More specifically BOA looked at the volatility seen in both the five and ten year bonds and the ratio between them (on the basis that forward guidance, if effective at all, would work over the short to medium term and  would not directly affect the long dated end of the curve) – the so called 5-10’s spread.

As we can see from the BOA chart below Volatility in the medium term bond market was significantly reduced by the introduction of a zero interest rate policy or ZIRP and that volatility was for the most part contained by the introduction of Forward Guidance in 2011. However, it would appear that following comments from Mr Bernanke earlier in summer about an impending taper,   the genie is once again out of the bottle and it will now prove to be extremely difficult to recapture.
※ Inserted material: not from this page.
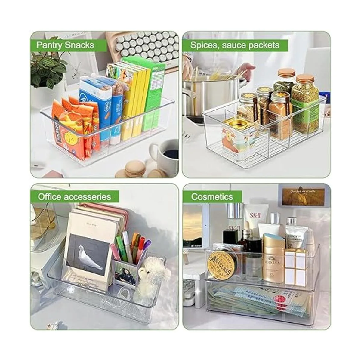 ZIZOTI Contenedores de organización y almacenamiento de despensa de alimentos, paquete de 8 estantes organizadores de aperitivos extraíbles de plástico transparente con 3 divisores, ideal para organizar paquetes, especias, bolsas apilables para refrigerador, cocina, gabinetes

What has happened in effect, is that there has been a disconnect between what the market believes will happen and what Mr Bernanke and the other members of the FOMC would like to happen.

This disconnect has likely been strengthened by comments that followed Mr Bernanke’s “tapering speech” which sought to play down his prior comments, and which in turn has raised questions about the credibility of and conviction in the Federal Reserve’s guidance going forward. That disconnection can clearly be seen in the chart below which plots the yield on the US Ten Year Bond.

The yield here has risen sharply since May this year and despite pausing for breath, has not yet shown that it has run out of steam.

I also note that the chart of the UK tend year Gilt yield looks remarkably similar (see chart below) and though you would expect changes in major benchmark bond yields to be closely correlated, the final chart (which plots the 10 year Gilt yield alongside the GBP/US exchange FX rate), to my mind, clearly illustrates that the markets belief that sterling interest rates will rise in the near term is independent of movements in the US. Hence the strengthening of GBP / US$ (something we were a lone voice in forecasting) and the 10 year Gilt yield since Mr Carney took control at the Bank of England in July.

We remain positioned to take advantage of a rise in inflation and an attendant re-rating of the pound in our flagship Titan Global Macro fund and with the look of the chart below expect cable to rise over $1.60 in the comng months – thankfully currently a relatively lone expectation and one in which we thus find comfort and have a high conviction in its playing out.

R Jennings, CFA. Titan Investment Partners.